§ Exercise objective
Repeat the entries below exactly. Begin with the first line and end with the line that contains "Коффердам DermaDam Medium".

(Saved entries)
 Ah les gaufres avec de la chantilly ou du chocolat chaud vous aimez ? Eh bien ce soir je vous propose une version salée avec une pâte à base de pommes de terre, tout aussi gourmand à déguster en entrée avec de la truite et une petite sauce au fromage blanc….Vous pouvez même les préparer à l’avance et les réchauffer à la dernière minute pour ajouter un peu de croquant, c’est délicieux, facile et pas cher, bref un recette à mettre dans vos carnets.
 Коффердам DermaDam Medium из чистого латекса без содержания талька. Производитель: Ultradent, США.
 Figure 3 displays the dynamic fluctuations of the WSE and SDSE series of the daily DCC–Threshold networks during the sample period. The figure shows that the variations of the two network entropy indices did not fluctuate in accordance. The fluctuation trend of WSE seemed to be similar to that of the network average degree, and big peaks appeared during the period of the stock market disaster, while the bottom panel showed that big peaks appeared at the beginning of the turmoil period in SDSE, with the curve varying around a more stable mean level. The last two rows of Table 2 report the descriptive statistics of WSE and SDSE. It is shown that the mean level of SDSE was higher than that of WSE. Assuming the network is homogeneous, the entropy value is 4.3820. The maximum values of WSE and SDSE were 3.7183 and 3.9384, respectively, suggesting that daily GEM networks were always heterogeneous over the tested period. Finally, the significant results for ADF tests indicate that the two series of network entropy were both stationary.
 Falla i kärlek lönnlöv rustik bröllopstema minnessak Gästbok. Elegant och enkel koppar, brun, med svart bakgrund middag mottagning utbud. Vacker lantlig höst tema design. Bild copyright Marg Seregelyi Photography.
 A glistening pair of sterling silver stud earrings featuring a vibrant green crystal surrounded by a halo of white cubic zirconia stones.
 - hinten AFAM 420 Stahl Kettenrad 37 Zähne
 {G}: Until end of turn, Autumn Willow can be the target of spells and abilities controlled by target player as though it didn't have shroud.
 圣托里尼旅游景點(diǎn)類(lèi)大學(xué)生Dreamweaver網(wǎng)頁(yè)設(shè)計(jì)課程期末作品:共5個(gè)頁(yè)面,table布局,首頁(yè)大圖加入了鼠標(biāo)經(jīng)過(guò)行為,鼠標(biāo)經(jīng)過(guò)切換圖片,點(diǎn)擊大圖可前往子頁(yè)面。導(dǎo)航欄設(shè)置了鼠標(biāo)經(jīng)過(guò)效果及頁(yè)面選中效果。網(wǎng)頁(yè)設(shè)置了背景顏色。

§ Output
 Ah les gaufres avec de la chantilly ou du chocolat chaud vous aimez ? Eh bien ce soir je vous propose une version salée avec une pâte à base de pommes de terre, tout aussi gourmand à déguster en entrée avec de la truite et une petite sauce au fromage blanc….Vous pouvez même les préparer à l’avance et les réchauffer à la dernière minute pour ajouter un peu de croquant, c’est délicieux, facile et pas cher, bref un recette à mettre dans vos carnets.
 Коффердам DermaDam Medium из чистого латекса без содержания талька. Производитель: Ultradent, США.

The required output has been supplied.